3:00 PM Sunday, February 9, 2020. Active as soloist and collaborative pianist, Charl Louw has appeared in recitals and with orchestras in the US and South Africa. He has been finalist and top-prize winner in national and international piano competitions and the recipient of prestigious awards in both performing and teaching. Dr. Louw is currently on the faculty of The New School for Music Study and also serves as the Missouri Music Teachers Association Collegiate Honors Auditions Chair. He has presented lectures and master classes in South Africa and the US and completed his Doctor of Musical Arts Degree from the University of Missouri, Kansas City. His program will celebrate Beethoven’s 250th anniversary, and J.S. Bach.

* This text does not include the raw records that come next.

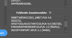 Wenn Du in InDesign mit gedrückter Strg- oder Cmd-Taste auf den Menüpunkt „Über InDesign“ klickst, gelangst du zu (halb)geheimen Information über deine Datei. Unten rechts siehst du eine Liste aller PlugIns, die laut InDesign in diesem Dokument verwendet wurden – in deinem InDesign aber nicht installiert sind. InDesign spricht an dieser Stelle von „Zusatzmodulen“, einem anderen Wort für „PlugIn“. (Willst du noch mehr über das tiefste Innere deiner InDesign Datei erfahren, empfehle ich dir diesen Beitrag über die Dokumentchronik.)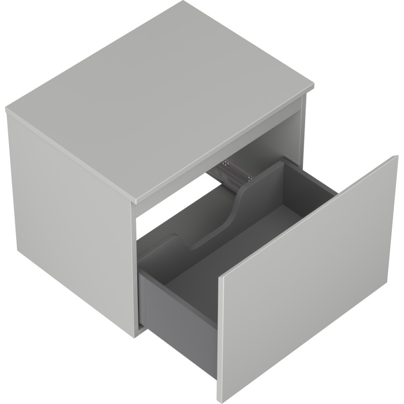 Specifikace produktu: Rozměry skříňky: Šířka: 60 cm Výška: 47 cm Hloubka: 46 cm Barva korpusu: Matně šedá Materiál korpusu: Lakovaná deska Barva čela: Matně šedá Materiál čela: Lakovaná MDF deska Struktura čela: Hladká Počet zásuvek: 1 Prostorná zásuvka s funkcí tlumeného dovírání Plný výsuv pro snadný přístup k obsahu zásuvky Povrch odolný vůči UV záření Rozměry pracovní desky: Šířka: 60,6 cm Hloubka: 46,5 cm Tloušťka: 1,8 cm Barva pracovní desky: Matně šedá Materiál pracovní desky: Lakovaná MDF deska Povrch odolný vůči UV záření Ideální jako podstavec pro umyvadla na desku Sestavený produkt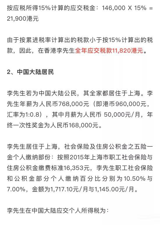 ◆ 香港的李先生一年缴纳的所得税是:1.18万,大陆的李先生缴纳的所得税是:20.6万。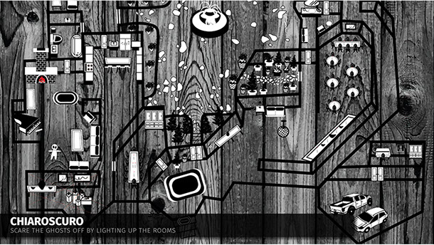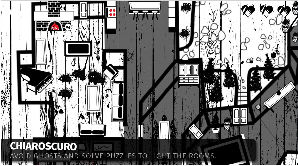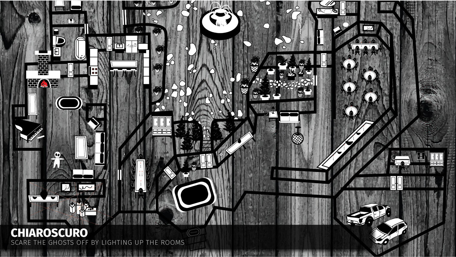 You are locked in a mansion with spirits that hide in the darkness. Your goal is to turn on all of the lights so that the spirits do not have any place to hide. Each room will have a different set of tasks that will have to be completed in a specific order to accomplish the end goal of light. For example, if a room has a fireplace you will have to chop wood and place it in the fireplace, then find a source to light the fire.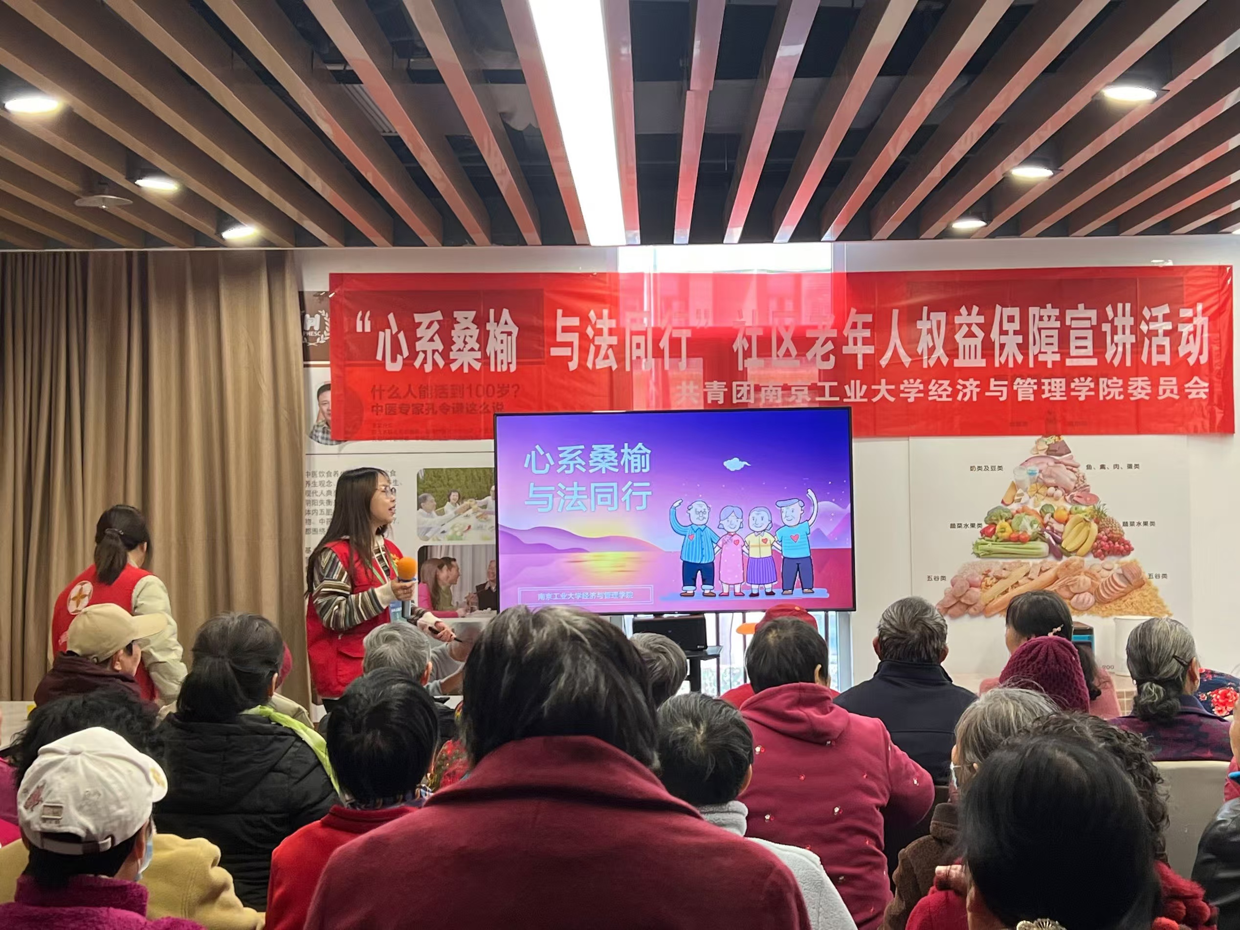 为响应国家关于加强老年人权益保护工作的号召,提高老年人自我保护意识与能力,11月27日下午,太阳成集团tyc539团委组织知产2401团支部于南京市吉庆社区党群服务中心开展“心系桑榆,与法同行”社区老年人权益保护宣讲活动。

3:00 PM Sunday, March 8, 2020. Sylvie Webb holds a Gold Medal in piano from the Conservatoire National de St. Germain-en-Laye, France. Among her solo and chamber music performances she has appeared as soloist with the Princeton Symphony Orchestra, the Westminster Community Orchestra, and the Manalapan-Battleground Symphony. In 2007 she made her debut as soloist at the Grand Theater in Shanghai. On the faculty of Westminster Conservatory since 1993, she maintains a private studio in Princeton. Her program will feature works by Mozart, Brahms, Franck, and Ravel.